Fig. 5. The comparison of TP53 and EGFR mutation rates between CN and U.S.

a, b The mutation rates of TP53, derived from the 20 most common cancer types, were compared between CN and U.S., respectively. p = 0.6994 (unpaired t test, two-tailed, t = 0.3891, df = 38; F test: F = 1.379, DFn = 19, Dfd = 19, p = 0.4899), CN _ Mean±SE = 0.4003 ± 0.07017 (n = 20), U.S. _ Mean ± SE = 0.3644 ± 0.05975 (n = 20), 95% confidence interval −0.1508 to 0.2225. c The mutation rates of EGFR were visualized and compared in 20 cancers from CN and U.S. cohorts. d, e In LUAD, the mutations rates of KRAS and EGFR between Chinese and U.S. patients were compared with respect to gender and smoking status. f Comparison of the top 50 mutated genes from Chinese (n = 676) and U.S. (n = 191) female LUAD non-smokers, the difference was not statistically significant (NS), p = 0.7221 (unpaired t test with Welch’s correction, two-tailed, t = 0.3568, df = 88; F test: F = 2.007, DFn = 49, Dfd = 49, p = 0.0163), CN _ Mean±SE = 0.05003 ± 0.01532 (n = 50), U.S. _ Mean ± SE = 0.04334 ± 0.01081 (n = 50), 95% confidence interval −0.03064 to 0.04402. g The accumulated mutation rates of KRAS (d) and EGFR (e) in CN and U.S. cohorts, respectively. h The spatial distribution of EGFR mutations in Chinese lung adenocarcinoma patients as female non-smokers visualized with a lollipop graph. Source data are provided as a Source Data File.

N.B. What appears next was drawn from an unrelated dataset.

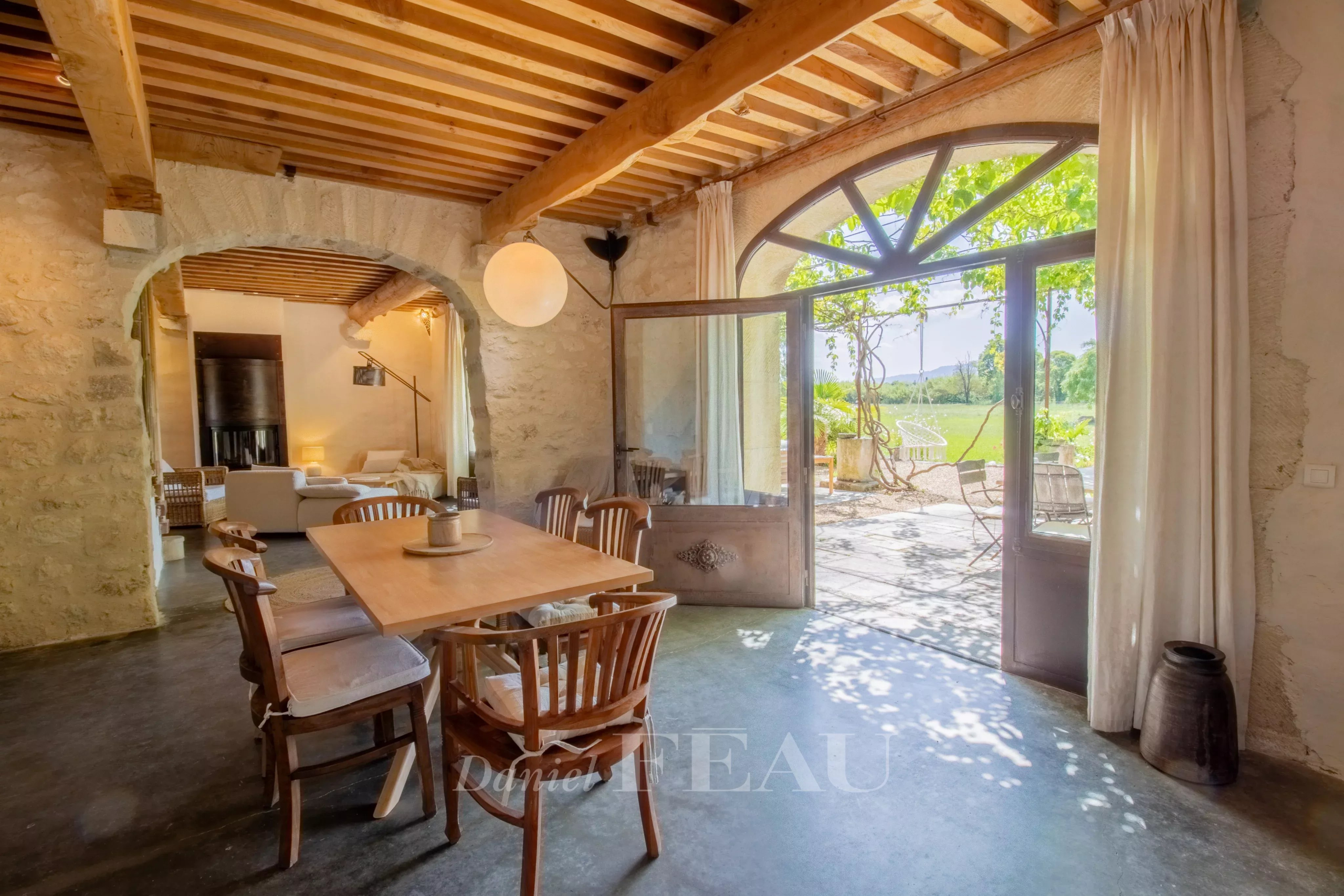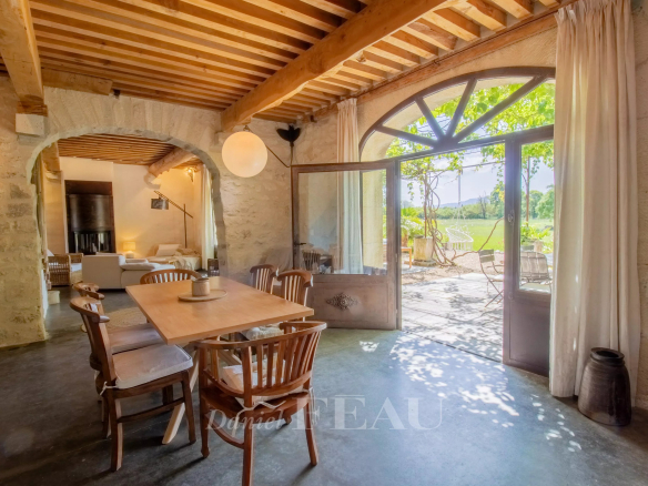 Côté extérieur, le parc paysager parfaitement entretenu assure un cadre intimiste, à l’abri des regards, et est agrémenté d’une piscine à débordement de 9x11m offrant une vue panoramique sur les Alpilles. Une terrasse couverte de 121 m2 permet de profiter des extérieurs au fil des saisons.
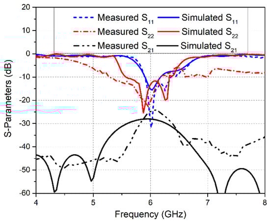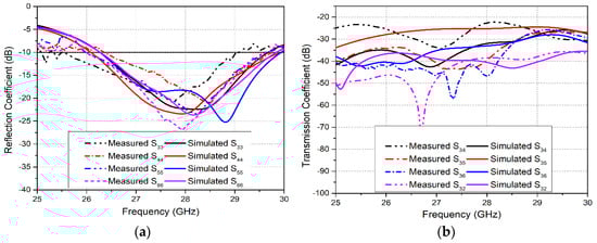 In the same manner, measured and simulated S-parameter results for the mm-wave 5G MIMO antennas are shown in Figure 10a,b. The analysis of simulated and measured reflection coefficient plots (S33, S44, S55, and S66) for Ant3–Ant6 shows band shifts. However, the 5G MIMO antenna system acquires a sufficient measured bandwidth of 3.5 GHz, covering the potential 26/28 GHz mm-wave frequency band, as illustrated in Figure 10a. Furthermore, the measured transmission coefficient plots for the 5G MIMO antennas in Figure 10b demonstrate a minimum isolation of 22 dB between Ant3 and Ant4, as evident from the S34 curve. Hence, good coherence is realized between the simulated and measured results. However, minor inconsistencies occur due to errors in fabrication as well as the unavoidable use of coaxial cables during the measurement of the antenna [43,44].

Fig. 6. Mutational signature analysis of lung adenocarcinoma, skin cutaneous melanoma, and papillary thyroid carcinoma in CN and U.S.

a, b The mutation signature derived from the mutational spectra across the top 50 mutated genes in China (LUAD_CN, n = 550) and U.S. (LUAD_U.S., n = 57) female non-smokers. c–f The mutation signatures of skin cutaneous melanoma (SKCM_CN, n = 21; SKCM_U.S., n = 225) and papillary thyroid cancer (PTC_CN, n = 67; PTC_U.S., n = 104) derived from the mutational spectra of the top 50 mutated genes in the Chinese and U.S. patient cohorts, respectively. Source data for mutational signature analysis are provided in Supplementary Software 1.